Credentials

Personal account names or extension numbers

An issue that arises early in many discussions about this topic is whether to use email addresses of the form username@example.org or to use extension numbers as the account identifiers.

In most cases, users still need to be able to be contactable using either type of address, but the question remains: should their phone login to the system using a named username or using an extension number?

Extension numbers are the standard in many traditional phone systems and some people have simply tried to replicate this model when moving to IP-based RTC.

There are three big reasons why numbers are popular: numbers can be dialed from anywhere else in the PSTN, numbers are easier to dial for people who are not calling from a computer (phones only have 12 buttons) and there is not always a one-to-one mapping between people and phones. One additional feature of numbers is that they are slightly less personal, somebody does not know exactly who will answer when they call a landline in a house shared by a large family and when somebody leaves a job, their phone number can be assigned to their successor.
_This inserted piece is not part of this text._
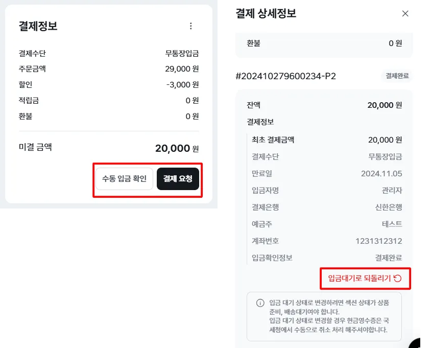 입금대기로 되돌리기: 무통장입금 주문 건을 수동 입금 확인하였으나, 다시 입금대기로 되돌리는 기능

Mobile telephones and smartphones in particular have dramatically reduced the significance of these factors that encouraged the continued use of numbers. For example, the inconvenience of manually dialing a SIP or XMPP address is not such a big factor because people are more likely to have these details in their address books.

Phone numbers also have disadvantages. One of these is the dependency on phone companies, the ITU and government bureaucracies who administer the numbering system. Users can be forced to change their phone number when changing provider. Dialing codes change, making it necessary to update old records in an address book. Each group of numbers is tightly bound to the infrastructure of a specific the telephone exchange, leading to inflexibility when relocating or when a local service outage occurs.

Recommendation

Use alphabetic usernames rather than extension numbers internally. SIP, XMPP and email each support a slightly different set of characters in usernames so only use the set of characters supported for all protocols. Wherever a device is being used with named accounts, such as a desktop PC where users login and have access to their own company email account, or a smartphone that is only used by one person and has been configured to access a named email account, provision the same personalized SIP/XMPP address on that device. Where a device is shared, such as a conference room phone, create a named account for that purpose.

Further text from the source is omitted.